If The Favourite gets nominated at the Oscars, which it likely will, then a lesbian movie may finally have a Call Me By Your Name moment; movies that center queer female romances are almost never awarded at the Oscars, or any award shows for that matter. In the past, lesbian-themed movies have been majorly snubbed, like Carol in 2015. But the three stars of The Favourite have breathed life into the film in such a magically gay way that’s elevated the excitement surrounding the film. When they’re together, lesbianism just oozes out of their pores, despite none of them identifying as queer. They’re just glowing, and their chemistry is magnetic, their enthusiasm contagious.
On Sunday night, we saw two major moments with these animated leading ladies—Colman, who won for Best Actress in a Motion Picture – Musical or Comedy, and Weisz and Stone, both of whom were nominated. First, the Holy Trinity presented an award together. The three women strutted on stage holding hands and giggling like giddy girls with a Sapphic secret, and then continued to toss lesbian innuendos around like rainbow confetti.
Weisz described her character, Sarah Churchill, as “capable of giving even the queen a good tongue lashing,” while her co-star Colman tittered. Then, Stone lamented that her character, Abigail Hill, was overlooked, despite being “just as good with her hands as Sarah.” If hearing Rachel Weisz say “tongue lashing” and Emma Stone joking about finger-banging wasn’t enough to make you blush, the women just pressed further.
“Did these women really love her,” Colman asked about her character, “or did they just want her for her body politic?” She added cheekily, “Then again, when the women were these two hotties, did it really matter?” It was silly and sexy and indulgent; everything we want from an award-winning cast on a live show.

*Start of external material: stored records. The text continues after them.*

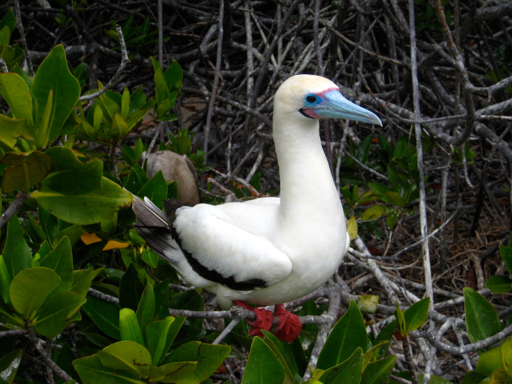 Unlike their ground-dwelling relatives, these boobies are comfortable roosting in trees when they do come ashore.
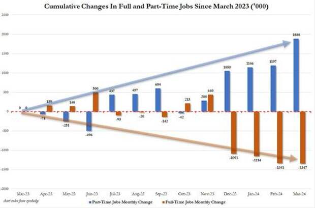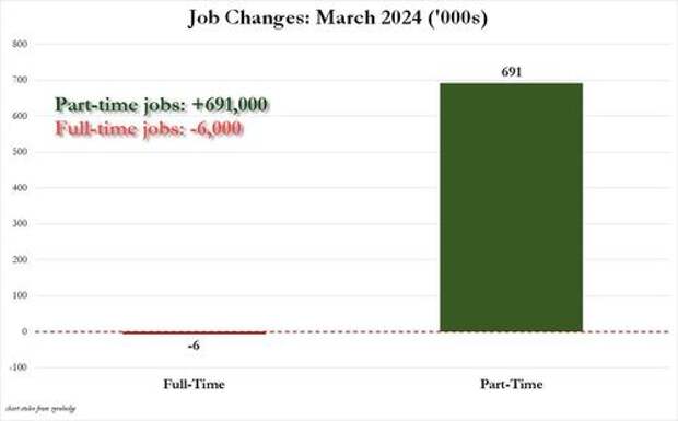 Here is exhibit A: in March, the number of part-time jobs soared by 691K to 28.632 million, up from 27.941 million while full-time jobs dropped by 6,000, to 132.940 million from 132.946 million.
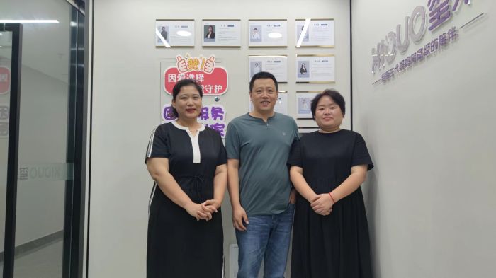 玺朵孕产服务中心创始人李晓兰(右)、联合创始人任树成(中)

When I first saw The Favourite, I was jarred not only by how much I wanted Rachel Weisz to shoot me with a weathered musket, but by the movie’s brazen queerness; it’s not often queer women get to see themselves portrayed on the big screen, and this movie was certainly one of a kind in regards to the way these women were portrayed; lesbian or bisexual characters are almost never afforded the opportunity to be witty and brash, rather than self-serious and dramatic. So, it was mollifying to see that energy played out in a buzzy awards season movie, and subsequently carried into the real world by the actors themselves. All three actresses wielded the bold, flirtatious queerness of their characters like a sword, threatening to slay any naysayers who dare stand in their way. Rather than shy away from the movie’s gay plot, their giggly presentation seemingly said, “This one is for the queer women watching.”

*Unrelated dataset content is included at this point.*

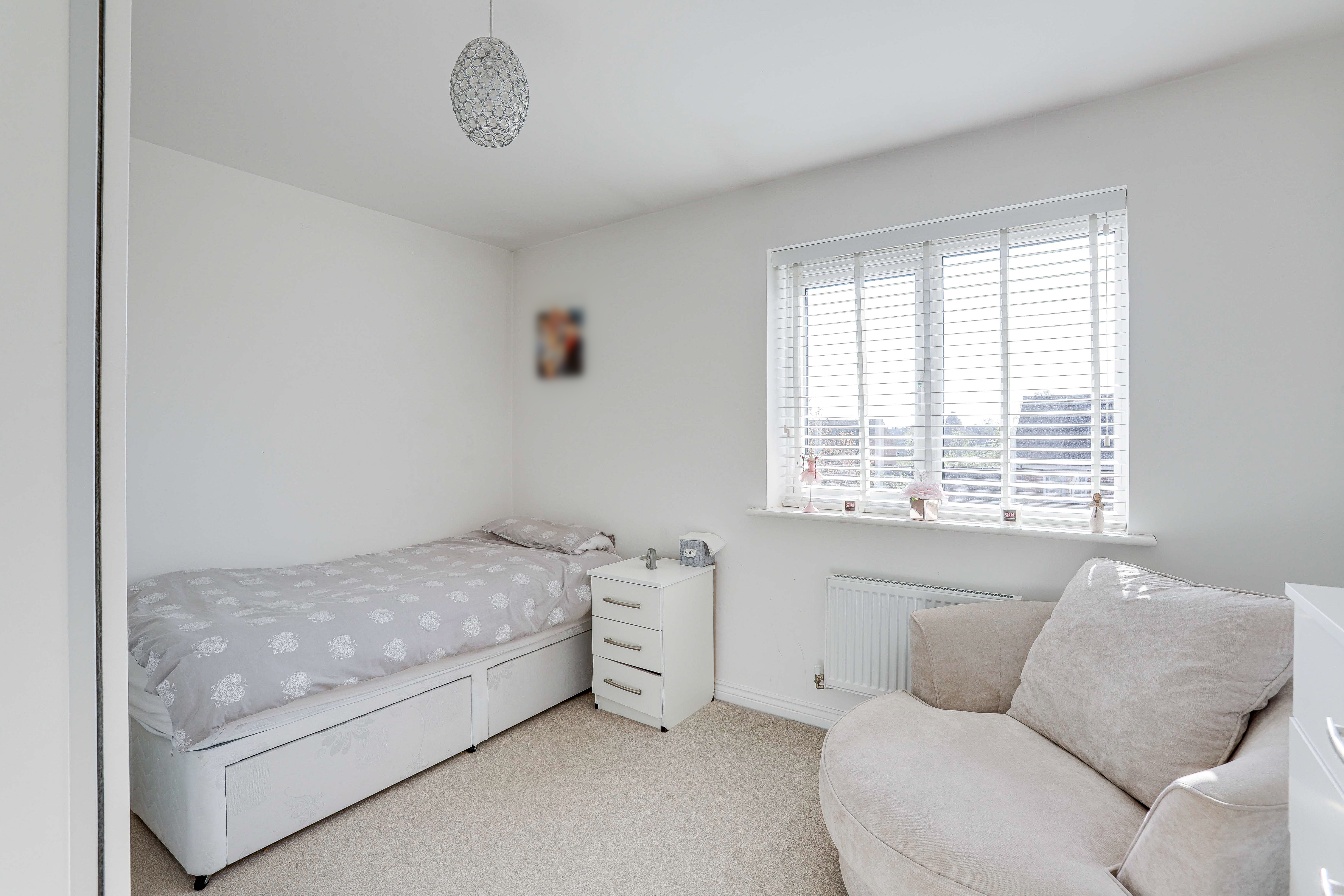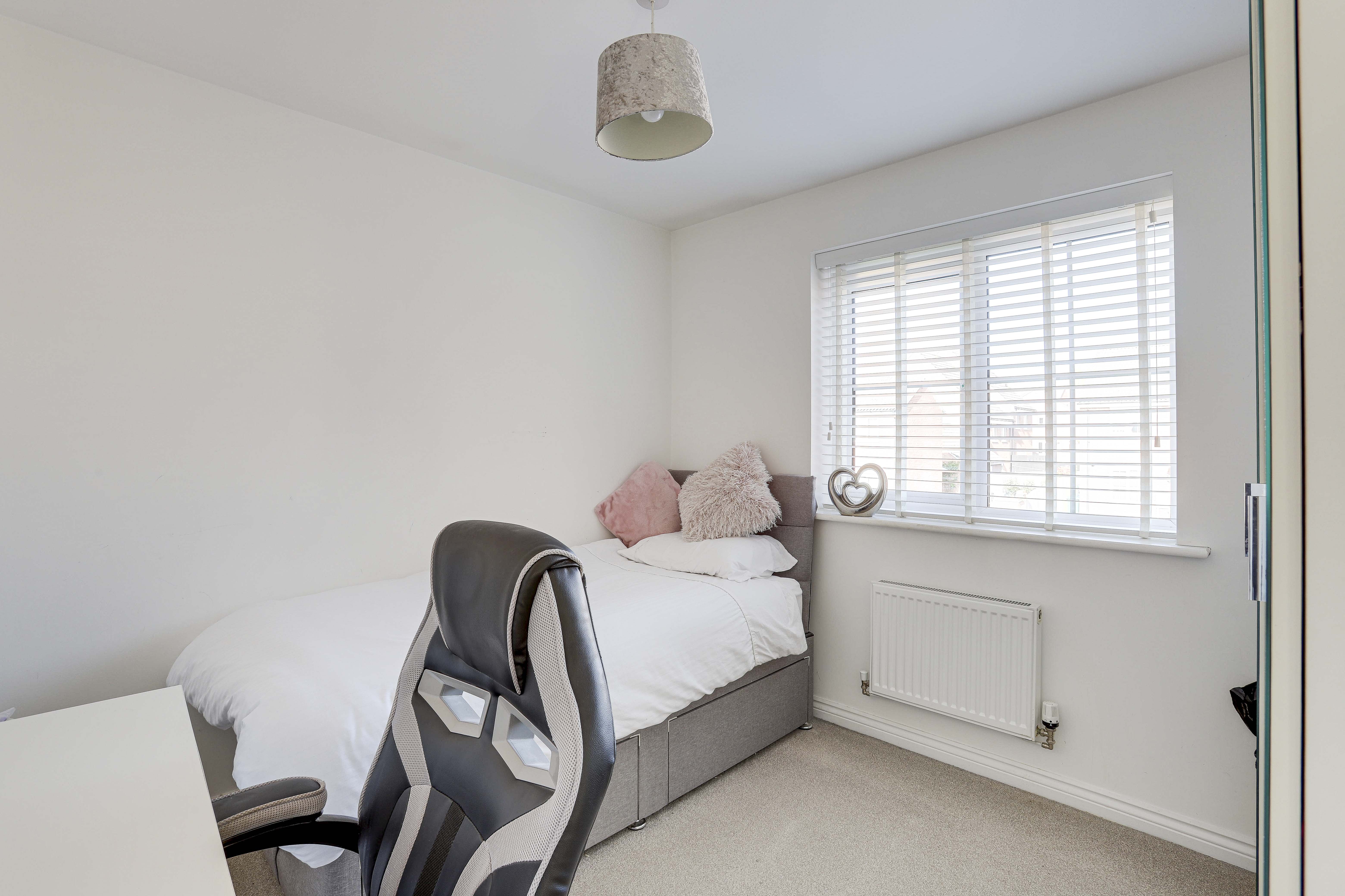 The fourth bedroom has carpeted flooring, a radiator, and a UPVC double-glazed window to the front elevation.

And when Olivia Colman accepted the award for her role as Queen Anne, she kept the celebration going. In her speech, the British actress thanked her “bitches,” nodding to her female costars and drawing a coquettish wave from Rachel Weisz. Between their gay shenanigans, Sandra Oh’s win, and Halle Berry openly flirting with Lena Waithe on stage (she totally was, right?!) the whole award show felt like a knowing wink to queer fans.

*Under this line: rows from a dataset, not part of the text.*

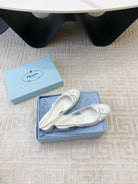 TRIANGLE LOGO SLINGBACK PUMPS WITH BOW IN WHITE CALFSKIN
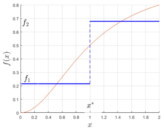 Piece-wise approximation (blue) of the function (red) over the interval . The values of are and . The switching occurs at , where the approximating function is discontinuous (dashed line).
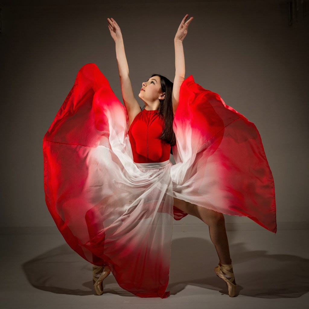 A female dancer in a white leotard and flowing red skirt performing an expressive, mid-motion pose against a professional gray studio backdrop.
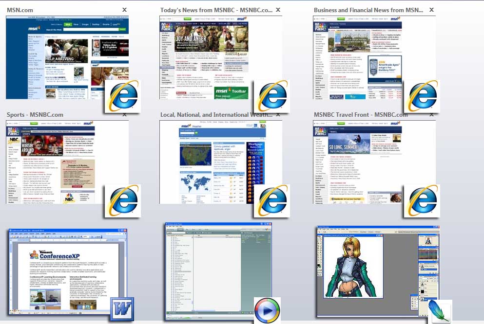 BGil Posted September 30, 2005 Share Posted September 30, 2005 I don't see the scaling as a problem because we are only trying to identify the window not read its contents. If someone needs a larger preview to identify a window then there should be a rollover enlargement. When the user rolls over a window or hovers over one the window enlarges a bit. I think that would work. Either way, you have a both the application icon and the title of the window to help you identify each and every window. Ideally, you can still use the scroll wheel to move the selector from window to window but this make it much easier to aim when there are many windows. I don't know how many times I've been trying to use Flip 3D and just overshot the window I was looking for. It gets quite annoying after a while. Please excuse the "extremely" crude mock-up. It's missing a few parts like the titles for the new windows and such but take notice at how easy it is to pick out each and every window. Window thumbnails laid out in such a fashion can scale much more easily to the demand of power users who often have dozens of windows open. Link to comment Share on other sites More sharing options...
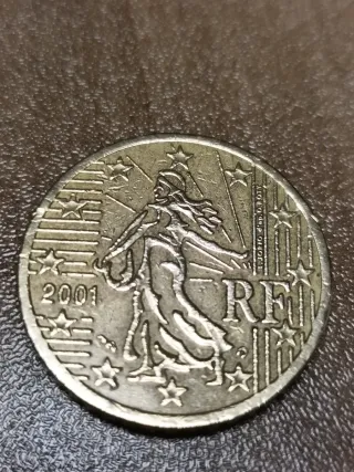 Moneda de 50 céntimos de euro de Francia, año 2001. - Diseño de Marianne. - Borde con estrellas. - Inscripción RF.
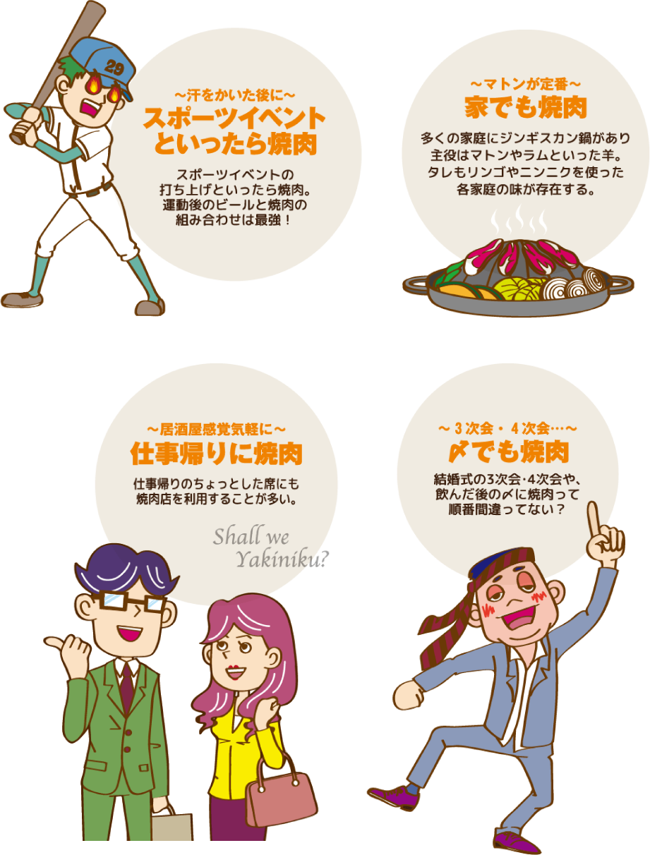 飯田市農業課の調べによると「仕事終わりに焼肉をする」と答えた人が飯田市では45%と、東海地方の2.5倍以上。その反面、誕生日などの祝いの席で焼肉を食べると回答したのは東海地方の1/3ほどでした。この地域では焼肉は特別な食べものというより、日常的な料理のひとつです。なにかあると焼肉があたりまえの人々にとって焼肉はいわばソウルフード、とっても身近な存在なのです。
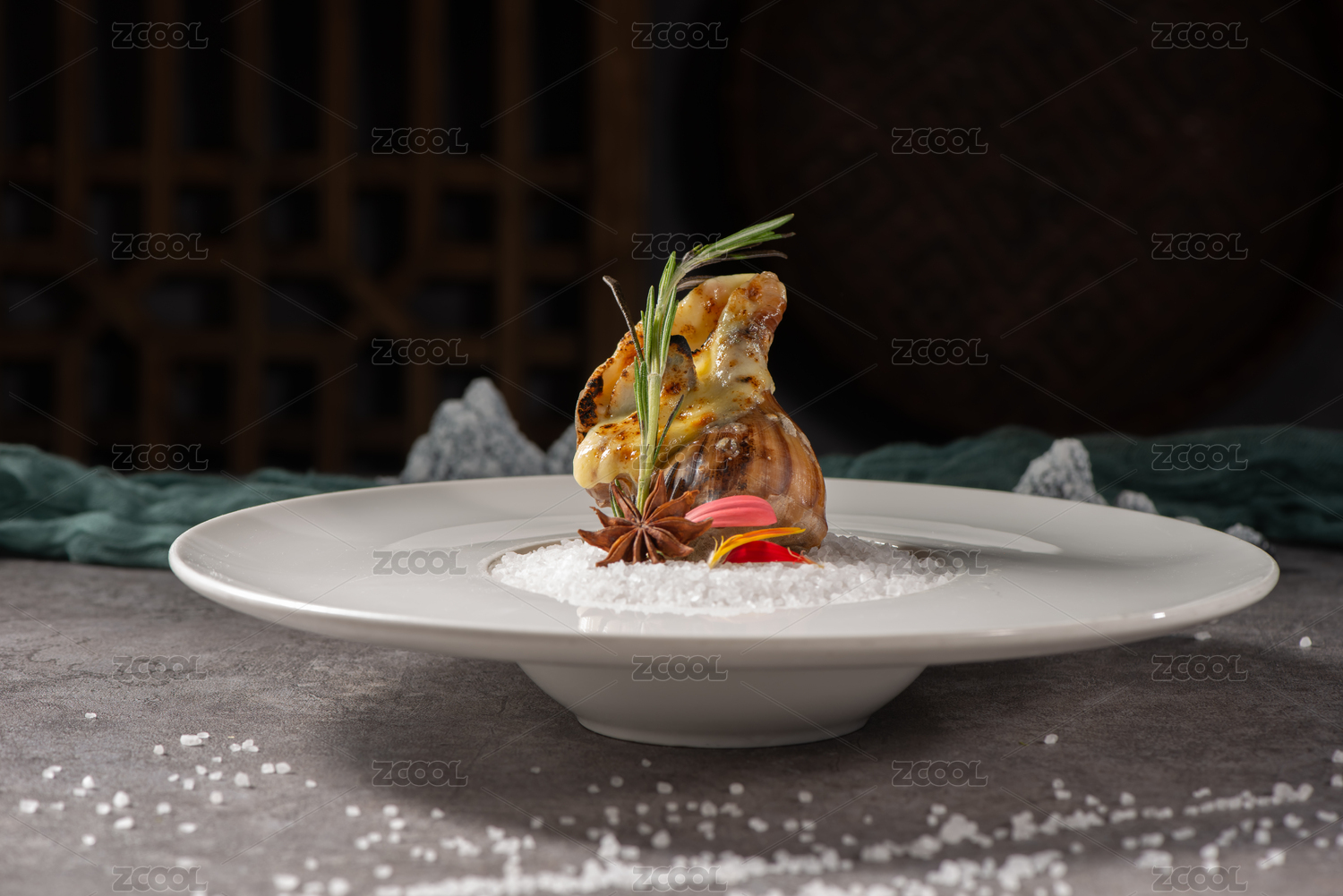 白色瓷盘装的藤椒鸡汁小鲍鱼
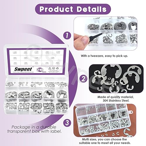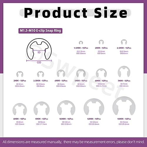 Swpeet Innenzahn-Sternsicherungsscheiben (Manganstahl E-Clips), M1.5 M2 M2.5 M3 M3.5 M4 M5 M6 M7 M8 M9 M10 M12 M15 Externe Sicherungsringe Sprengring E-Ring
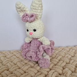 Этот очаровательный белый зайчик в сиреневом платье — настоящее воплощение уюта и волшебства. Вязанный с любовью и вниманием к каждой детали, зайчонок обладает мягкой текстурой и нежными, словно облако, ушками. Его платье, выполненное в оттенке нежного сиреневого,

What makes The Favourite so special is exactly what Colman, Weisz, and Stone embodied on stage: It’s just so much goddamn fun. The movie allows queer women to be outrageous and wretched and hysterical and hilarious, rather than boxing them into any tired trope or lesbian stereotype. And to see that spirit translated from the big screen to a live awards telecast was so satisfying. As a queer woman, I finally felt included in the exclusive fun of awards season in a way I never have before. I look forward to every red carpet, award ceremony, or acceptance speech the stars of The Favourite may grace, and I’m already prematurely mourning a world after the Oscars, a lifeless dystopia in which Olivia Colman, Rachel Weisz, and Emma Stone stop publicly fawning over each other like a pack of hormonal teenagers. But it’s good while it lasts.